REQUIREMENT: All the data that follows should be repeated exactly, without a single picture.

Dataset items:
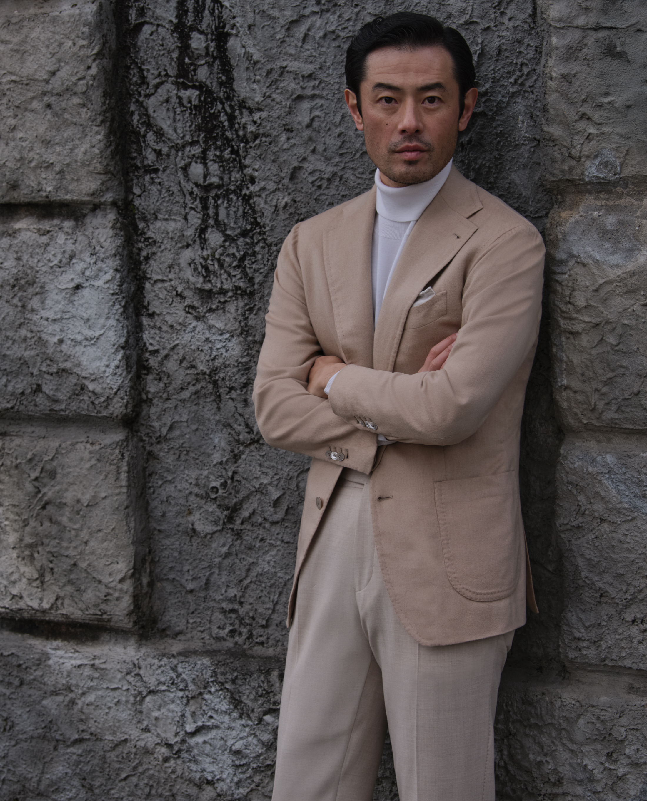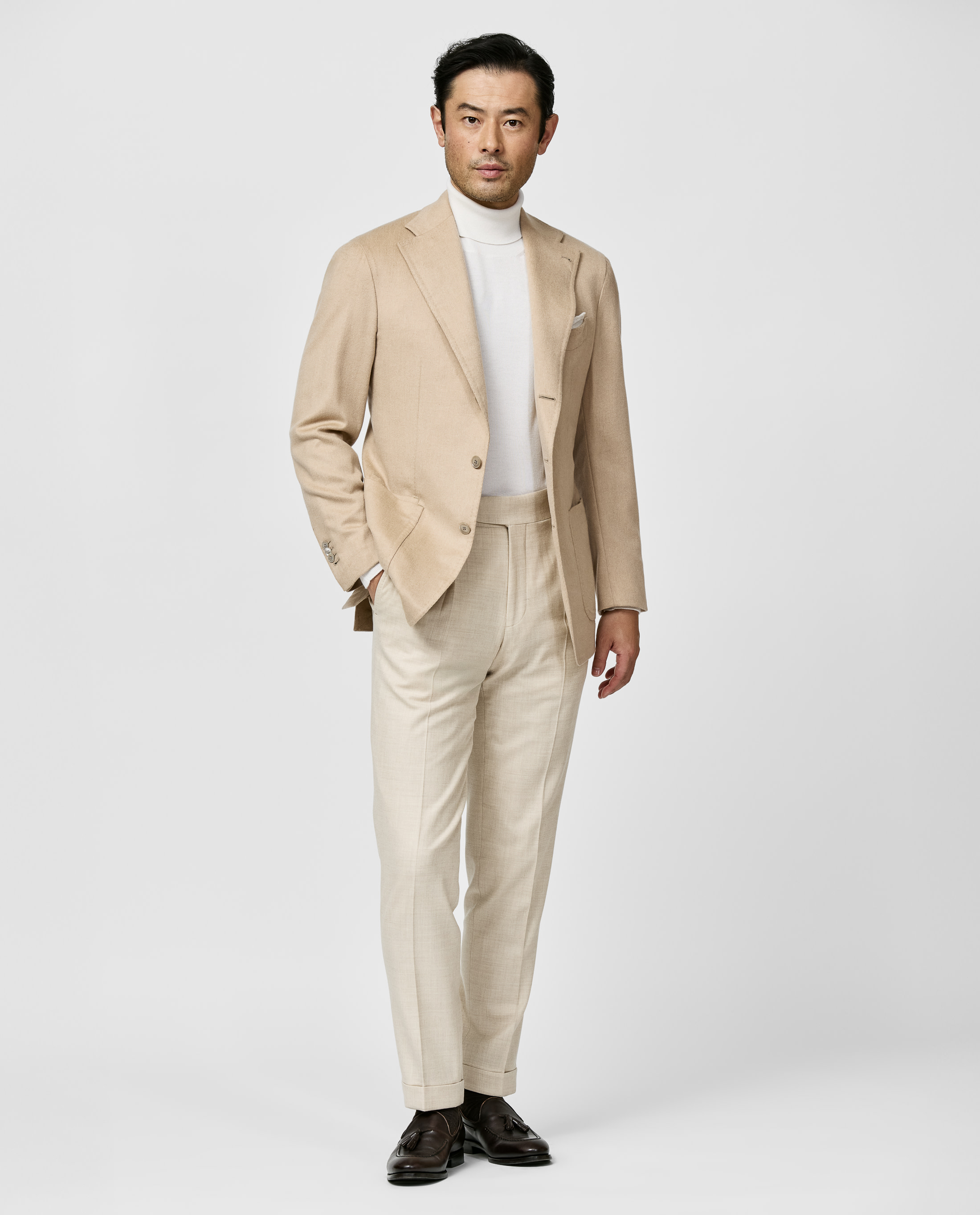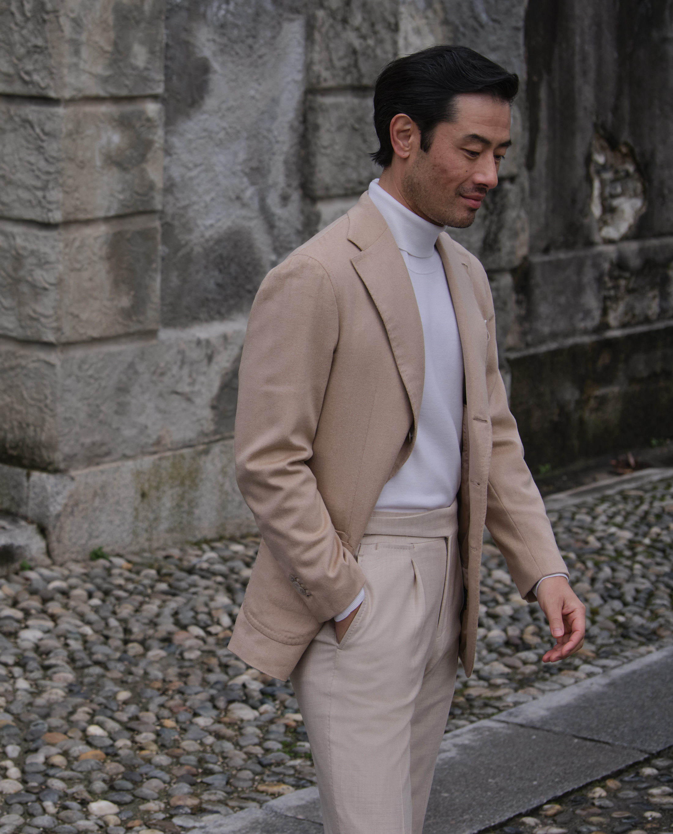 This warm sand jacket is crafted from the luxurious Bactrian camel fleece fabric made in Italy by Loro Piana. Sourced from the rare, noble fibers of baby camels in Mongolia, this ancestral quality is known for its exceptional softness, insulation, and natural color. Style it with a cashmere turtle neck, wool trousers, and dark brown loafers. Make this jacket your own with our many customization options to choose from.
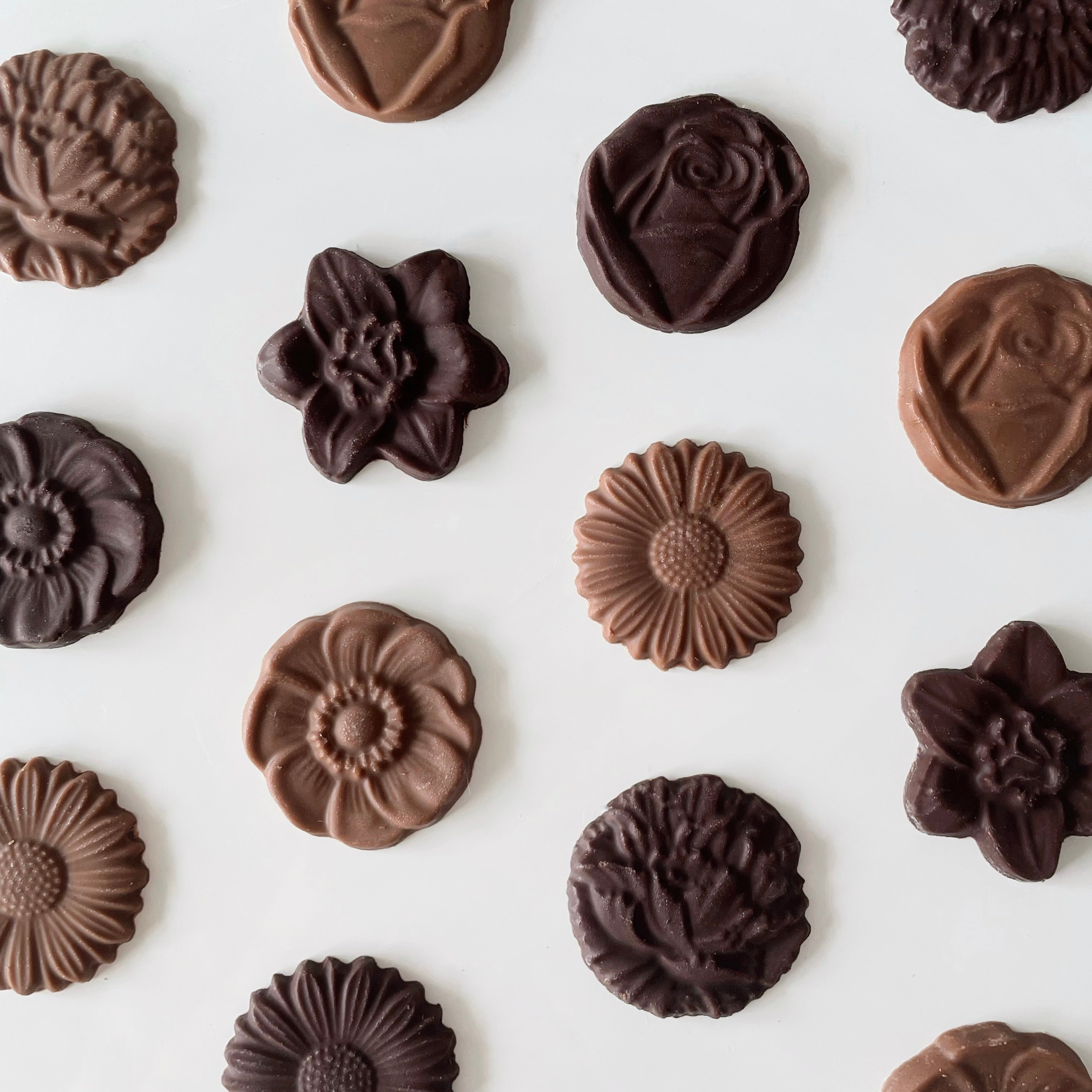 マーガレットやローズ、ポピーなど かわいらしいお花のかたちをしたチョコレート。 ティータイムやお酒に添えてもぴったりです。
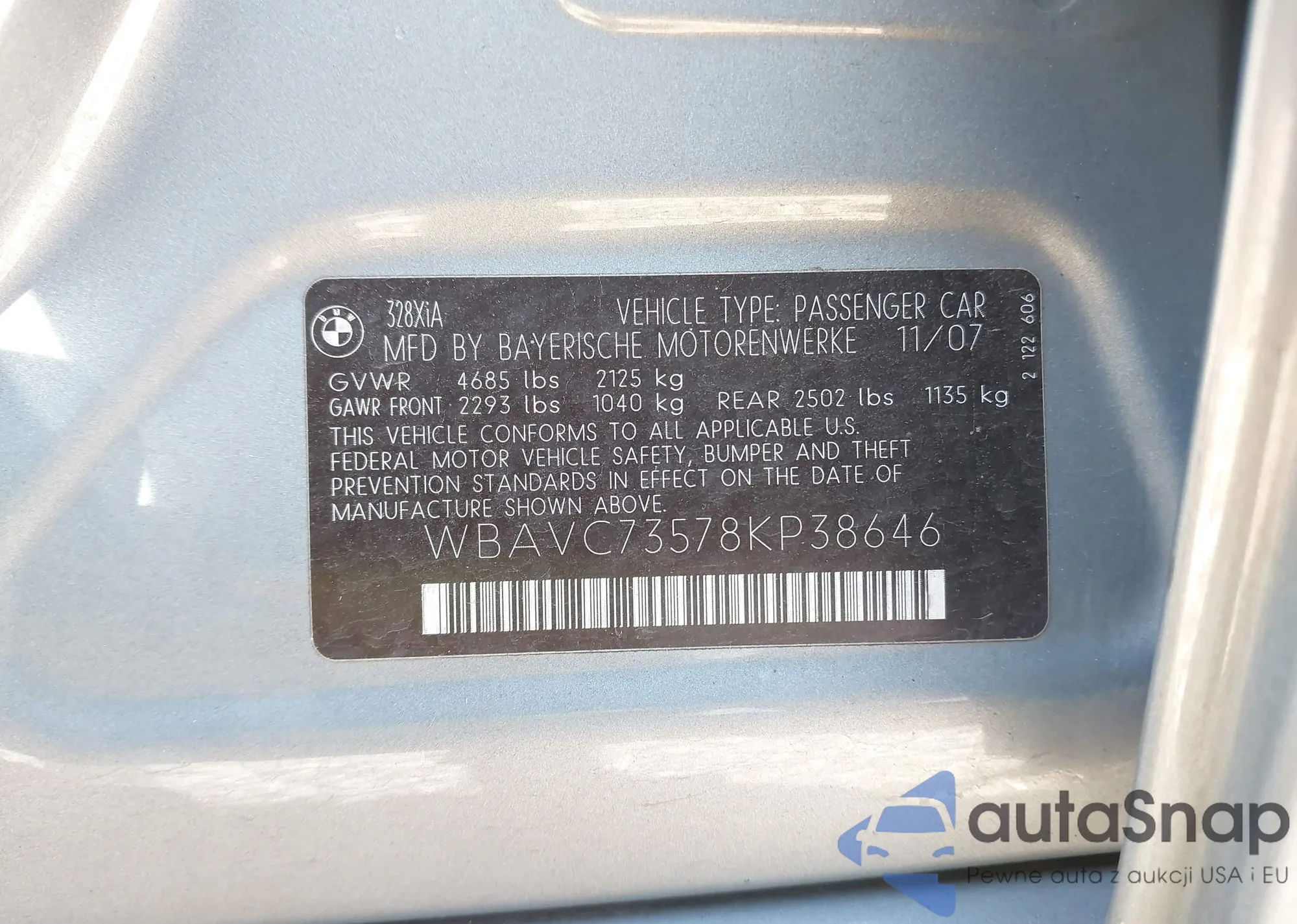 LOT: 42766667 VIN: WBAVC73578KP38646
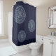 Una mandala de círculo concéntrico de color azul claro con puntos azules brillantes y de estrellas doradas esparcidos entre las capas hace que sea divertida, un diseño que recuerda a un cielo estrellado.
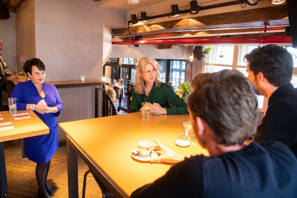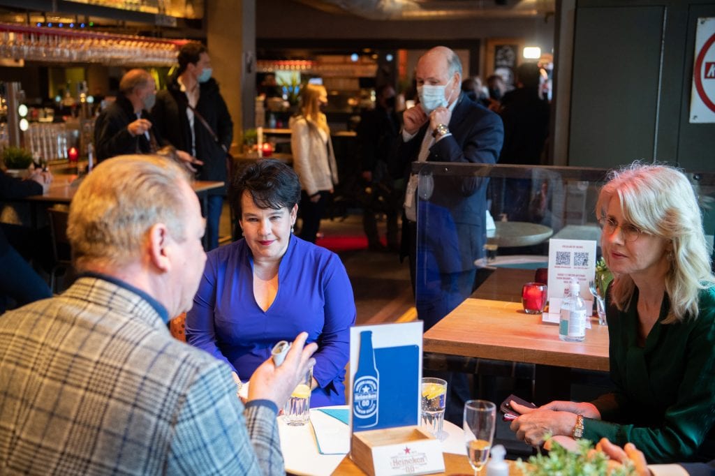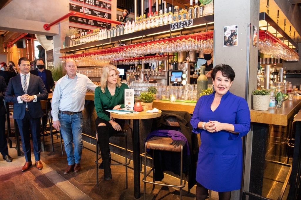 “Het voelt als een feestje, maar het is tegelijkertijd bloedserieus wat we hier doen, namelijk kijken onder welke voorwaarden je op een veilige manier in cafés kun zitten”, legt staatssecretaris Mona Keijzer uit.
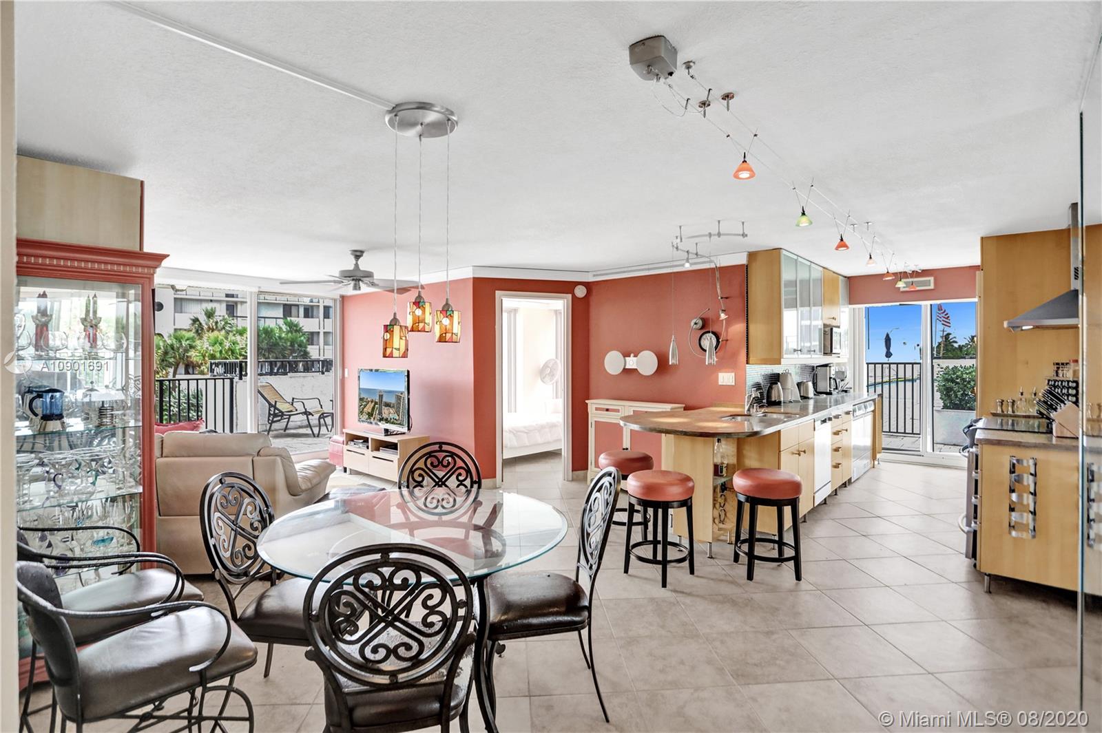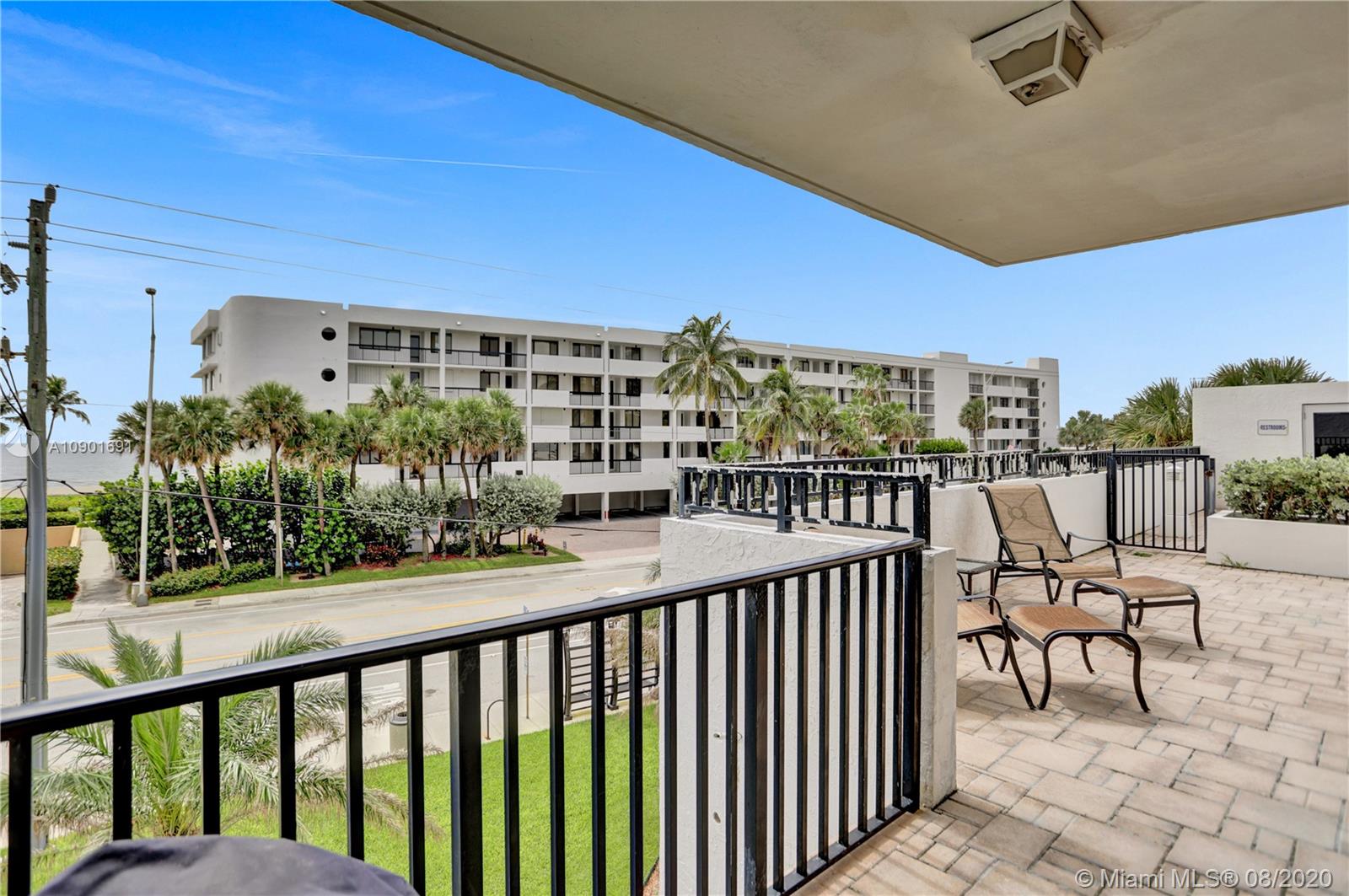 This ONE OF A KIND END UNIT LANAI features: DIRECT ocean views, DIRECT OUTDOOR ACCESS FROM 5 hurricane impact sliding glass doors (1 from each room) to an OVERSIZED,WRAPAROUND PATIO w/room for BBQ, dining & relaxing (500+ sq ft), AND direct access to pool, tennis etc. Fully renovated w/ hi-end ss appliances, some electronic shades, tons of storage, open kitchen, split floor plan, avail TURNKEY. Bldg is across public beach w/easy access (see pics). Resort type living. No rentals 1st year owned, but 90 day min lease 1 time per year thereafter. MUST SEE! This is a very special unit -- one of only two in the entire complex.

ANSWER FOR THIS EXERCISE:
 This warm sand jacket is crafted from the luxurious Bactrian camel fleece fabric made in Italy by Loro Piana. Sourced from the rare, noble fibers of baby camels in Mongolia, this ancestral quality is known for its exceptional softness, insulation, and natural color. Style it with a cashmere turtle neck, wool trousers, and dark brown loafers. Make this jacket your own with our many customization options to choose from.
 マーガレットやローズ、ポピーなど かわいらしいお花のかたちをしたチョコレート。 ティータイムやお酒に添えてもぴったりです。
 LOT: 42766667 VIN: WBAVC73578KP38646
 Una mandala de círculo concéntrico de color azul claro con puntos azules brillantes y de estrellas doradas esparcidos entre las capas hace que sea divertida, un diseño que recuerda a un cielo estrellado.
 “Het voelt als een feestje, maar het is tegelijkertijd bloedserieus wat we hier doen, namelijk kijken onder welke voorwaarden je op een veilige manier in cafés kun zitten”, legt staatssecretaris Mona Keijzer uit.
 This ONE OF A KIND END UNIT LANAI features: DIRECT ocean views, DIRECT OUTDOOR ACCESS FROM 5 hurricane impact sliding glass doors (1 from each room) to an OVERSIZED,WRAPAROUND PATIO w/room for BBQ, dining & relaxing (500+ sq ft), AND direct access to pool, tennis etc. Fully renovated w/ hi-end ss appliances, some electronic shades, tons of storage, open kitchen, split floor plan, avail TURNKEY. Bldg is across public beach w/easy access (see pics). Resort type living. No rentals 1st year owned, but 90 day min lease 1 time per year thereafter. MUST SEE! This is a very special unit -- one of only two in the entire complex.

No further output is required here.